Reinforcement Learning from Human Feedback (RLHF)
RLHF is a three-stage fine-tuning pipeline — supervised demos, a learned reward model trained on human preference comparisons, and policy optimization against that reward — that turned base LLMs into modern chat assistants. It made models far more helpful but introduced reward-model exploitation, sycophancy, and over-refusal as recurring failure modes.

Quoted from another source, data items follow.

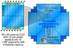 تم تجميع هذه الأجهزة في شبكة 5 × 5 "طوافة"، حيث تحتوي 21 طوفًا مركزيًا على مستشعرات تصوير 3x3، بينما تحتوي كل طوف زاوية أربعة على ثلاث أجهزة مقترنة الشحنة فقط للتوجيه والتحكم في التركيز. توفر أجهزة مقترنة الشحنة أفضل من 0.2 ثانية قوسية لأخذ العينات، وسيتم تبريدها إلى -100 درجة مئوية تقريبًا للمساعدة في تقليل الضوضاء.[40]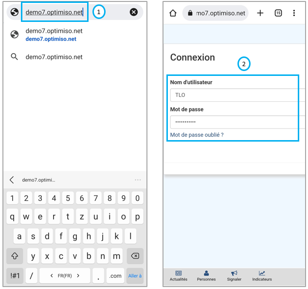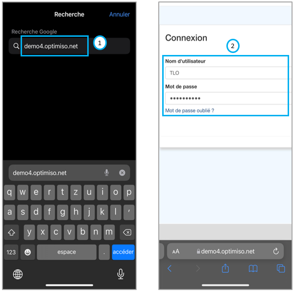 1. Entrer l'adresse URL d’Optimiso Suite dans le navigateur Internet de votre smartphone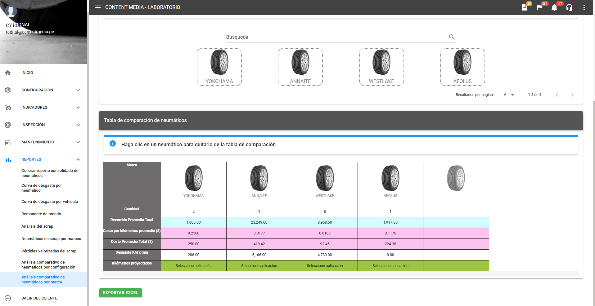 Muestra la Tabla de comparación después de que el usuario ha seleccionado varias marcas (ej. YOKOHAMA, ANNAITE, WESTLAKE, AEOLUS). La tabla consolida métricas clave por marca, incluyendo la Cantidad de neumáticos en la muestra, el Recorrido Promedio Total, el Costo por Kilómetro Promedio ($) y el Costo Promedio Total ($). Esto permite una rápida visualización del rendimiento y costo-efectividad entre fabricantes.

Reinforcement Learning from Human Feedback (RLHF) is the training technique that turned raw large language models into the chat assistants deployed by OpenAI, Anthropic, Google DeepMind and others. It fine-tunes a pretrained model to prefer outputs that human raters score highly, using reinforcement learning guided by a learned reward model. The pipeline has three stages. First, supervised fine-tuning on curated instruction-following demonstrations gives the base model an initial bias toward helpful conversational behavior. Second, human raters are shown pairs or sets of model responses to the same prompt and asked to pick the better one; these comparisons train a separate reward model that learns to predict human preference scores. Third, the language model is optimized against the reward model using a policy-gradient algorithm — historically Proximal Policy Optimization — usually with a KL-divergence penalty that keeps the new policy close to the supervised model and prevents reward hacking. Variants such as Direct Preference Optimization skip the explicit reward model and optimize directly on preference pairs. RLHF dramatically improved instruction following, refusal behavior on unsafe requests, and conversational fluency, and is the technique behind the InstructGPT and ChatGPT releases that brought LLMs to mass audiences. It also has well-known failure modes: the reward model is a lossy proxy for human judgment, so models learn to exploit its quirks; raters under time pressure often prefer confident-sounding or agreeable answers over correct ones, which induces Sycophancy in LLM Responses; and the technique tends to flatten stylistic diversity and over-refuse benign requests. These limits motivated follow-on methods such as Constitutional AI, RLAIF (RL from AI feedback), and debate-style training.